The square root of a number #n#, written #sqrt(n)#, is the number #x# such that #x^2=n#.
Actually, any positive number #n# has two square roots, namely #sqrt(n)# and #-sqrt(n)#. The notation #sqrt(n)# denotes the principal square root, which is the positive one.
Notice that:
#3^2 = 9 < 13 < 16 = 4^2#
Hence:
#3 < sqrt(13) < 4#
So #sqrt(13)# lies strictly between #3# and #4#, so is not an integer, whole number or natural number.
Is it a rational number?
Suppose #sqrt(13) = p/q# for some positive integers #p, q#.
Note that #p/q > 1#, so #p > q > 0#
Without loss of generality, we may suppose that #p, q# are the smallest pair of positive integers with #p/q = sqrt(13)#.
Then we have:
#13 = p^2/q^2#
Multiplying both sides by #q^2# we get:
#13q^2 = p^2#
So #p^2# is a multiple of #13#.
Since #13# is a prime number, that must mean that #p# is a multiple of #13# too.
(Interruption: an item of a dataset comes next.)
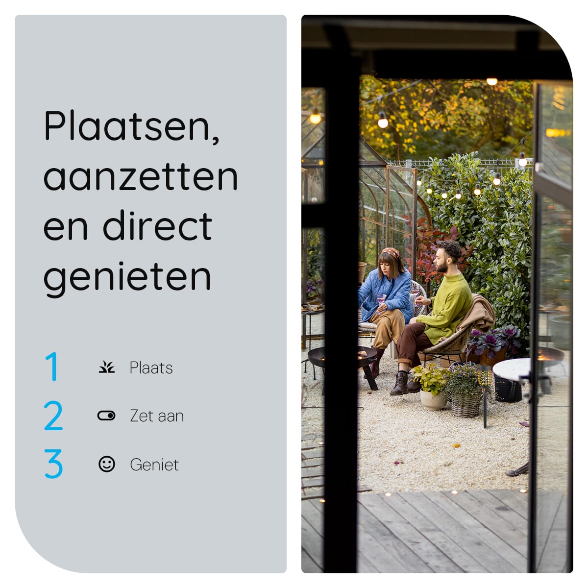 - Milieuvriendelijk: De lamp werkt op zonne-energie, wat betekent dat je geen elektriciteit verbruikt en je ecologische voetafdruk verkleint.

So there is some positive integer #m# with:
#p = 13m#
So we have:
#13q^2 = p^2 = (13m)^2 = 13^2m^2#
Dividing both ends by #13m^2# we get:
#q^2/m^2 = 13#
So:
#q/m = sqrt(13)#
Now #p > q > m > 0#, so #q, m# are positive integers smaller than #p, q# whose quotient is also #sqrt(13)#.
This contradicts our supposition that #p, q# was the smallest such pair and hence our supposition that #sqrt(13) = p/q# for some pair of positive integers.
So #sqrt(13)# is not rational. In other words it is irrational.